In this lab you will learn how to:
* Create AWS resources needed to support a Databricks workspace
* Create AWS resources needed to support a Unity Catalog metastore
* Create cloud resources to bring awareness of these AWS resources to Databricks

## Prerequisites

If you would like to follow along with this lab, you will need:
* administrator access to your AWS console, with the ability to create buckets and IAM roles
* account administrator capabilities in your Databricks account in order to access the account console

## Supporting a workspace

A Databricks workspace is an environment for accessing all of your Databricks assets. The workspace organizes objects (notebooks, libraries, and experiments) into folders, integrates revision control, and provides access to data and computational resources such as clusters and jobs. A workspace also provides access to Databricks SQL, a simple experience for SQL users who want to query, explore and visualize queries on their data lake.

There are some underlying AWS resources that must be set up first in order to support the workspace. These include:
* A cross-account credential that allows Databricks to launch clusters in the account (in AWS, this means an IAM role)
* An S3 bucket to provide workspace root storage. This will require a specialized policy to permit Databricks to access the bucket.
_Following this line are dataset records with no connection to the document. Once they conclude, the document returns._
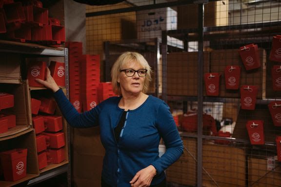 I kælderen hos Folkekirkens Nødhjælp står 10.000 røde indsamlingsbøsser og samler støv. De skulle tages i brug på søndag, men må blive i kælderen pga. corona. Det bekymrer generalsekretær i Folkekirkens Nødhjælp, Birgitte Qvist-Sørensen. Foto: Marie Hald
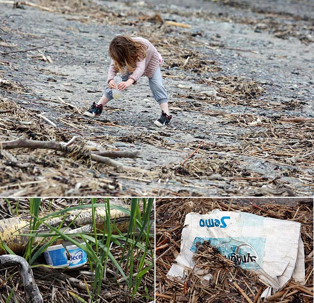 L’œil aux aguets, chacun se mets à la recherche des éléments non désirés. À peine quelques secondes plus tard, bouteilles de plastique, emballages alimentaires, matériels de pêche et résidus de toutes sortes sont découverts. Une vraie chasse au trésor!
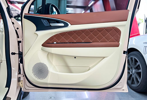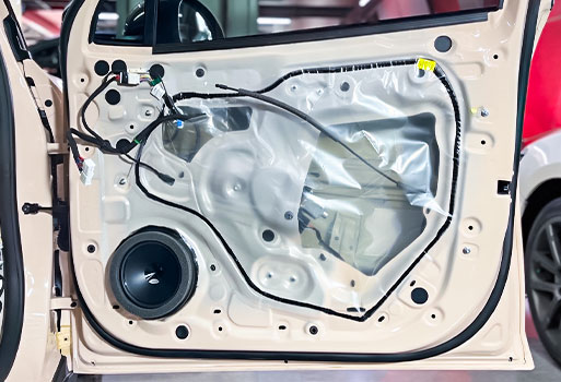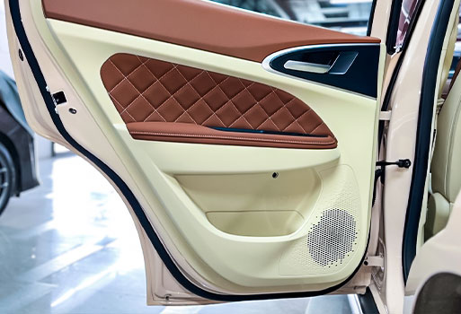 ประตูหลังติดตั้งลำโพง 6 นิ้วของ Hertz ใช้ปลั๊กตรงรุ่นพร้อมออกแบบสเปย์เซอร์และเอ็กซ์ตร้าลิ้งค์ตรงรุ่นรถไฟฟ้า รถ ORA GOODCAT

We will create these elements in this demo, however note that this procedure is also documented <a href="https://docs.databricks.com/administration-guide/account-settings-e2/workspaces.html" target="_blank">here</a>. We will be referencing this documentation throughout the demo.

### Creating a credential configuration

In order for the software running in the Databricks control plane to create and manage compute resources like clusters and VPCs within your account, limited access to your AWS account is required, which is enabled through a cross account IAM role. In this section, we'll create and appropriately configure such a credential, then wrap it into a credential configuration that can be used by Databricks when deploying a workpace.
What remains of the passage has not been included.